PURBALINGGA, iNewsPurwokerto.id-Pada abad ke-18, tercatat dalam beberapa literatur bahwa Purbalingga memiliki tokoh bernama Ki Arsantaka. Tokoh ini seharusnya diingat kembali oleh masyarakat Purbalingga.
"Tanpa disadari, Ki Arsantaka hidup di dalam kesadaran masyarakat Purbalingga, dan jika tidak diingatkan kembali, akan semakin terlupakan," kata Agus Sukoco dalam bedah buku "Wasiat Ki Arsantaka" yang ditulisnya, pekan lalu.
Agus Sukoco berusaha "menghidupkan kembali" kisah Ki Arsantaka dalam buku keduanya yang menceritakan tentang tokoh tersebut.
"Bagi saya, hal terpenting adalah menghidupkan kembali kisahnya, jadi masalah benar dan salah saya memilih pendekatan sastra sehingga buku ini tidak bisa dijadikan referensi sejarah akademis," jelasnya.
Gunanto Eko Saputro, seorang penggiat sejarah Purbalingga, ditugaskan sebagai pembedah buku tersebut. Ia menyatakan bahwa buku ini berusaha mengisi kekosongan sejarah pada masa awal antara Wirasaba dan Purbalingga yang tidak tercatat dalam literasi.
"Kemungkinan inilah yang menyebabkan Mas Agus Sukoco memilih kemasan Historical Fiction, tetapi saya bisa membayangkan bagaimana suasana dua abad sejak peristiwa mrapat hingga lahirnya Purbalingga pada 23 Juni 1759," ucapnya.
Igo menyatakan bahwa buku ini menghidupkan semangat kebanggaan bagi warga Purbalingga, yang memiliki sejarah yang sangat tua dan lebih awal daripada wilayah "ngapak" lainnya.
"Sejarawan Belanda bernama Van der Meulen menyebutkan bahwa peradaban pertama di Jawa berdiri di lereng timur Gunung Slamet pada Abad Pertama Masehi," tambahnya.
Dalam acara bedah buku ini, turut hadir keturunan Ki Arsantaka sendiri yang saat ini menjabat sebagai Ketua DPRD Purbalingga, yaitu H.R. Bambang Irawan.

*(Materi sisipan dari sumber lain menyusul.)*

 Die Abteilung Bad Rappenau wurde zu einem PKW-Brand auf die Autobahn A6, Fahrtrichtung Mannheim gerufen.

"Saya berterima kasih kepada semua yang hadir saat ini, khususnya karena tidak melupakan sejarah. Sebab, bagaimanapun sejarah adalah bagian dari perjalanan yang tidak boleh dilupakan," ucapnya.

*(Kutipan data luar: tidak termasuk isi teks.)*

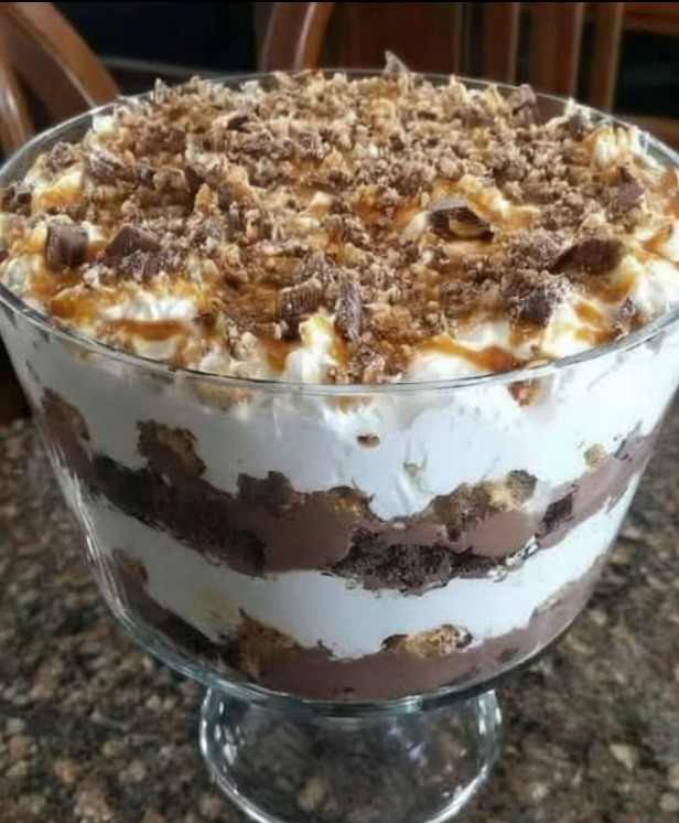 Wyobraź sobie: bogate, kremowe kawałki brownie przełożone bogatym budyniem czekoladowym, bitą śmietaną i chrupiącymi kawałkami toffi, tworząc najwspanialszą kombinację konsystencji, jakiej kiedykolwiek doświadczysz. Każda łyżka oferuje idealną równowagę ciągnącej, kremowej i chrupiącej konsystencji, która sprawi, że wszyscy zamkną oczy w czystej rozkoszy. A co najlepsze? Nie wymaga pieczenia! Wystarczy nałożyć warstwy, schłodzić i delektować się magią!

Dalam momentum ini, Mas Bei, julukan untuk Igo, mengusulkan agar tokoh-tokoh Purbalingga mulai diinventarisir dan dihargai dengan menyematkan nama mereka dan gelar dalam nama jalan, gedung, atau ruang di Pemerintahan Purbalingga.
"Menurut kami, ini merupakan bagian dari upaya kita untuk menghargai para pendahulu. Hal kecil seperti ini bisa kita wariskan kepada anak cucu kita," tambahnya.
Ia berharap bahwa dengan adanya buku ini, akan muncul rasa kecintaan yang luar biasa terhadap Purbalingga dan berdampak pada kemajuan Purbalingga itu sendiri.